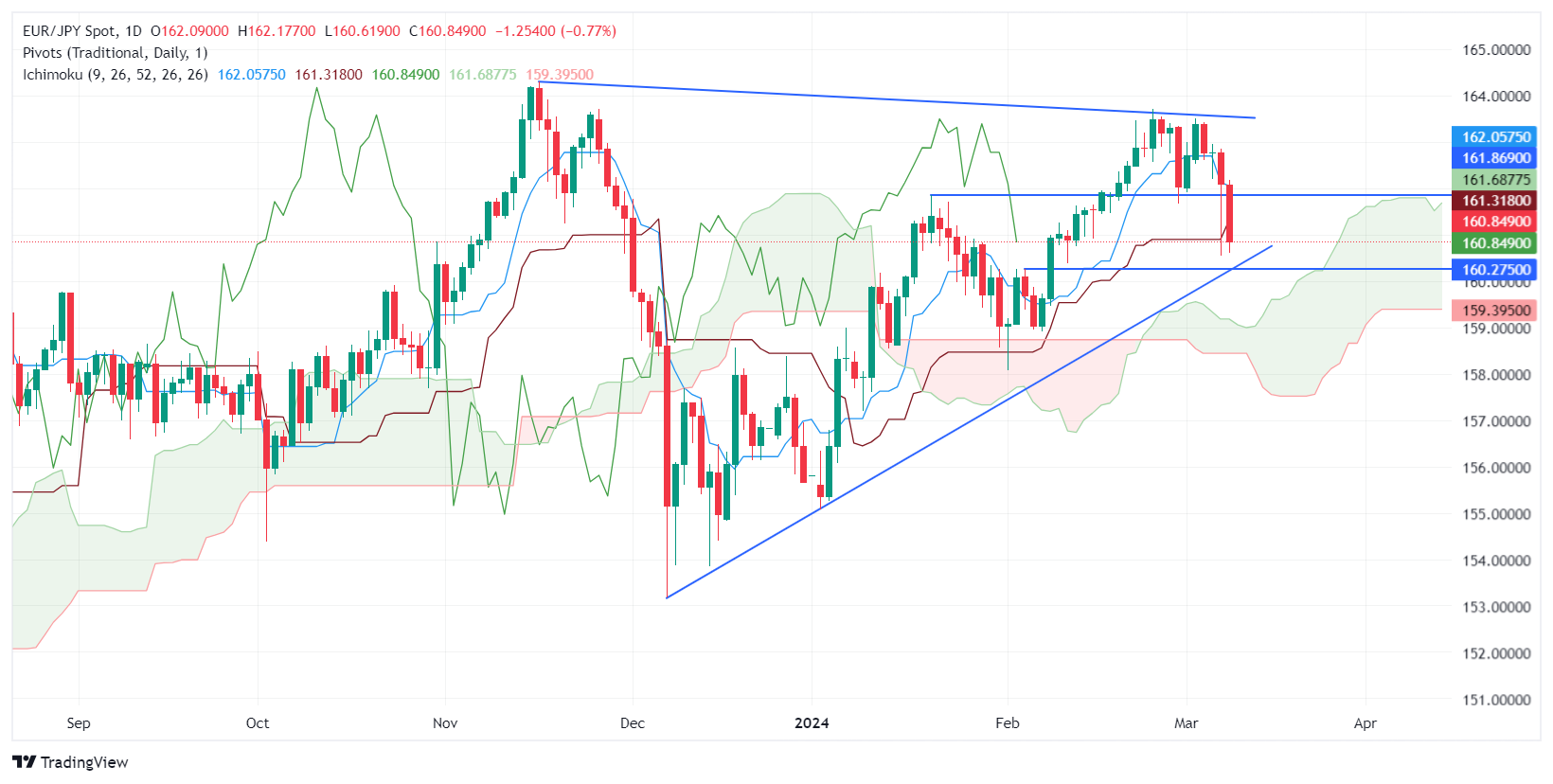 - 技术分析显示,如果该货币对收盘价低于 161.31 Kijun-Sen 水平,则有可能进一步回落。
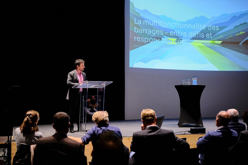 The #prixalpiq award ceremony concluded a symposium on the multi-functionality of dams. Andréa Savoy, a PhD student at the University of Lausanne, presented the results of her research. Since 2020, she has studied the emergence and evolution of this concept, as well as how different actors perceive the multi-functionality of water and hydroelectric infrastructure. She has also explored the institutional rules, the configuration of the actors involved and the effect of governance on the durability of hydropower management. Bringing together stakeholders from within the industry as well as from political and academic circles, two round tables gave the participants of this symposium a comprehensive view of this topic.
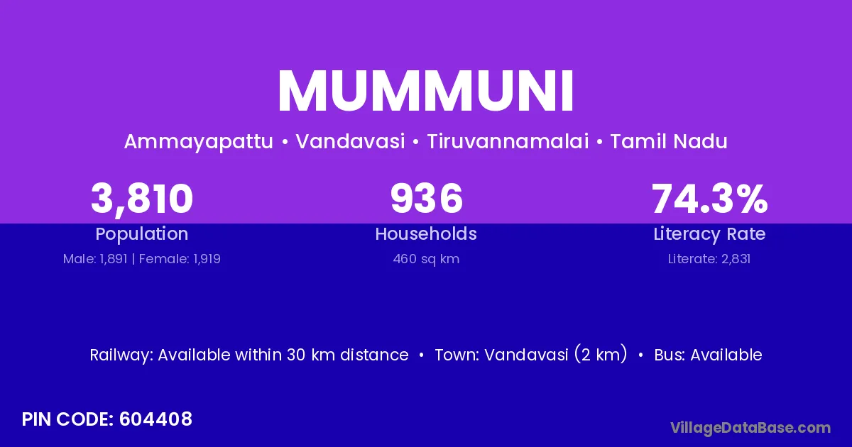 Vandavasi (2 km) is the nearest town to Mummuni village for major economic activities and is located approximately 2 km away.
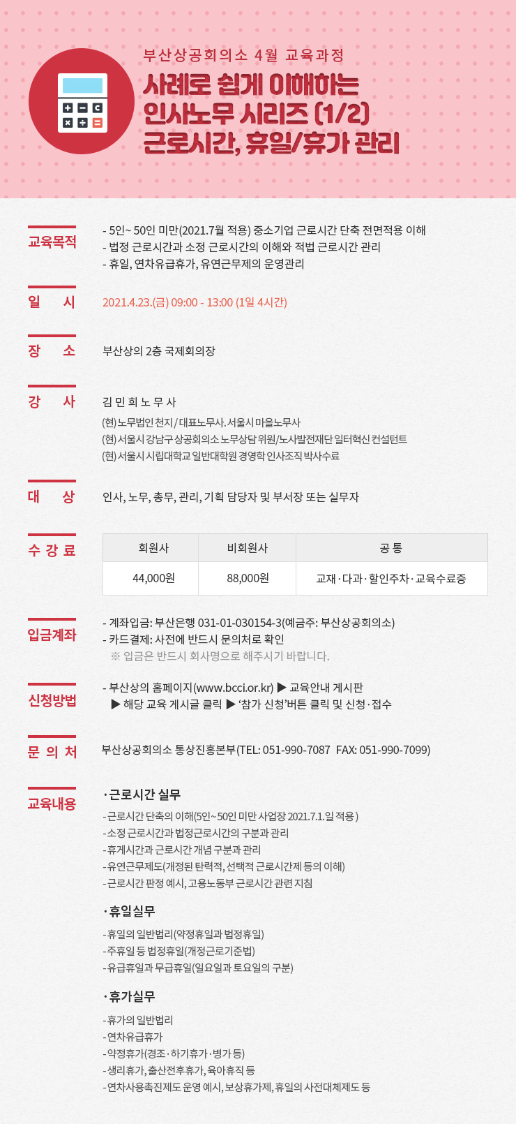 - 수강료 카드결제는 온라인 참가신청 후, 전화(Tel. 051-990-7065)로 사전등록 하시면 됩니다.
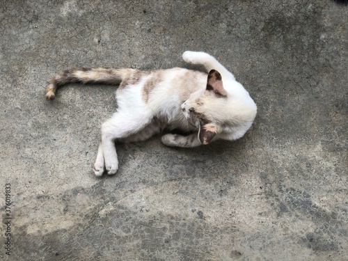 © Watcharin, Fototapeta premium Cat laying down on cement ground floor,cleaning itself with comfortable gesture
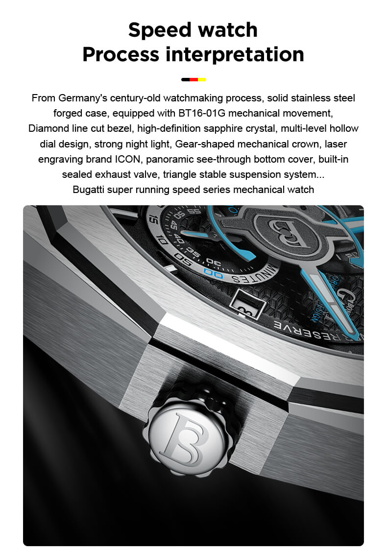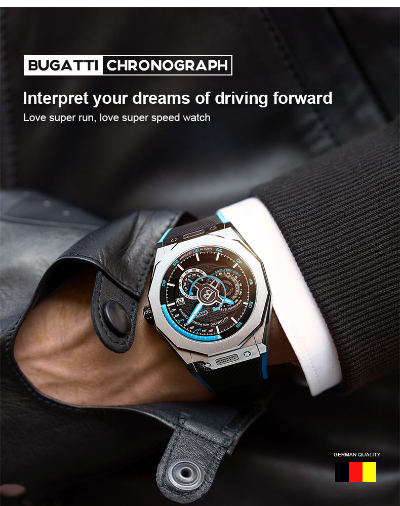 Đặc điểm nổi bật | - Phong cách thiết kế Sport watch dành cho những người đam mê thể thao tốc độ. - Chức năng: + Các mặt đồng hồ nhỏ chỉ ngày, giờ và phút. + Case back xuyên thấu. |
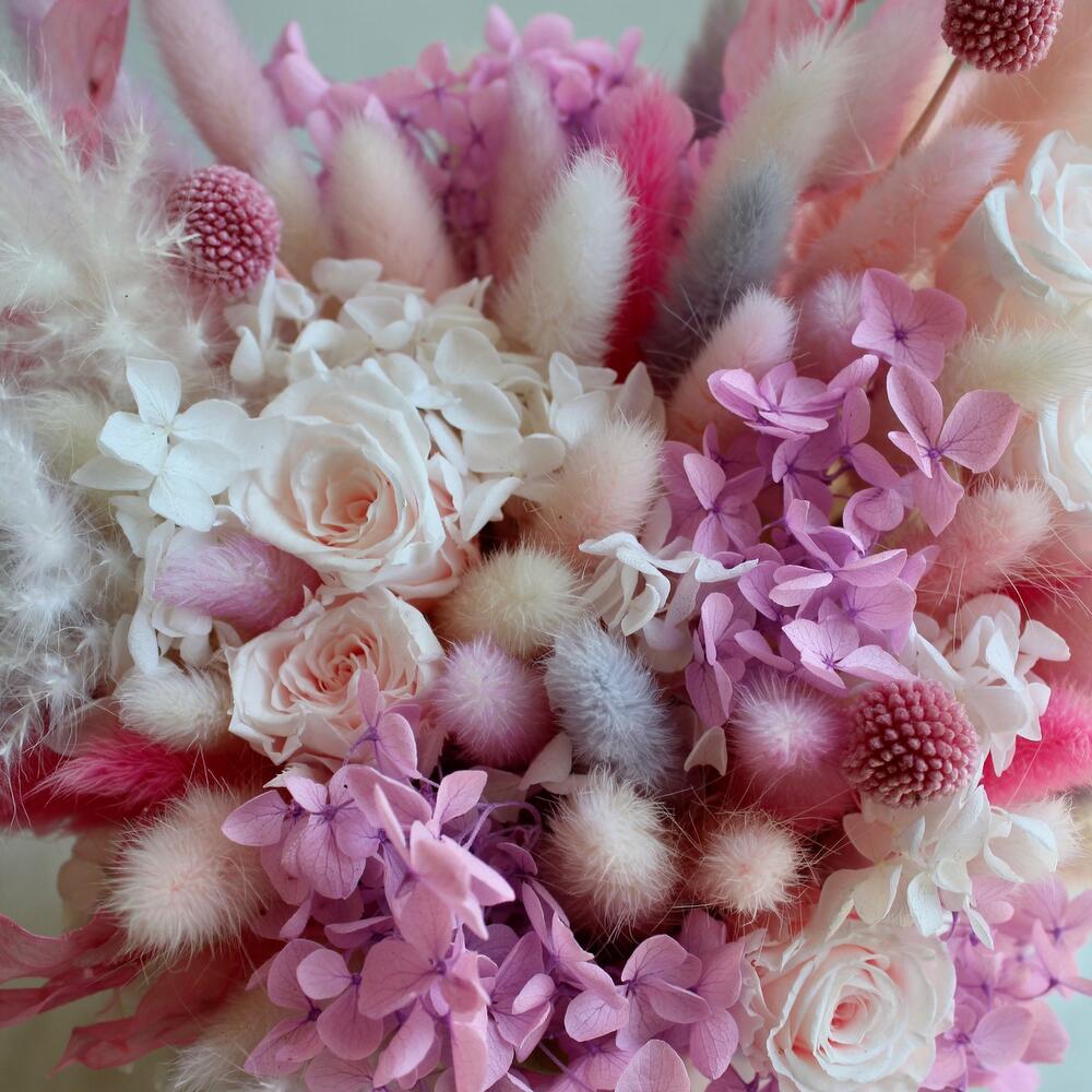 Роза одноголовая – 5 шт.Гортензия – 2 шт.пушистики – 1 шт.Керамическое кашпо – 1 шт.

**About this task**
Output a verbatim copy of the entries and skip the pictures.

**Exercise solution**
 - 技术分析显示,如果该货币对收盘价低于 161.31 Kijun-Sen 水平,则有可能进一步回落。
 The #prixalpiq award ceremony concluded a symposium on the multi-functionality of dams. Andréa Savoy, a PhD student at the University of Lausanne, presented the results of her research. Since 2020, she has studied the emergence and evolution of this concept, as well as how different actors perceive the multi-functionality of water and hydroelectric infrastructure. She has also explored the institutional rules, the configuration of the actors involved and the effect of governance on the durability of hydropower management. Bringing together stakeholders from within the industry as well as from political and academic circles, two round tables gave the participants of this symposium a comprehensive view of this topic.
 Vandavasi (2 km) is the nearest town to Mummuni village for major economic activities and is located approximately 2 km away.
 - 수강료 카드결제는 온라인 참가신청 후, 전화(Tel. 051-990-7065)로 사전등록 하시면 됩니다.
 © Watcharin, Fototapeta premium Cat laying down on cement ground floor,cleaning itself with comfortable gesture
 Đặc điểm nổi bật | - Phong cách thiết kế Sport watch dành cho những người đam mê thể thao tốc độ. - Chức năng: + Các mặt đồng hồ nhỏ chỉ ngày, giờ và phút. + Case back xuyên thấu. |
 Роза одноголовая – 5 шт.Гортензия – 2 шт.пушистики – 1 шт.Керамическое кашпо – 1 шт.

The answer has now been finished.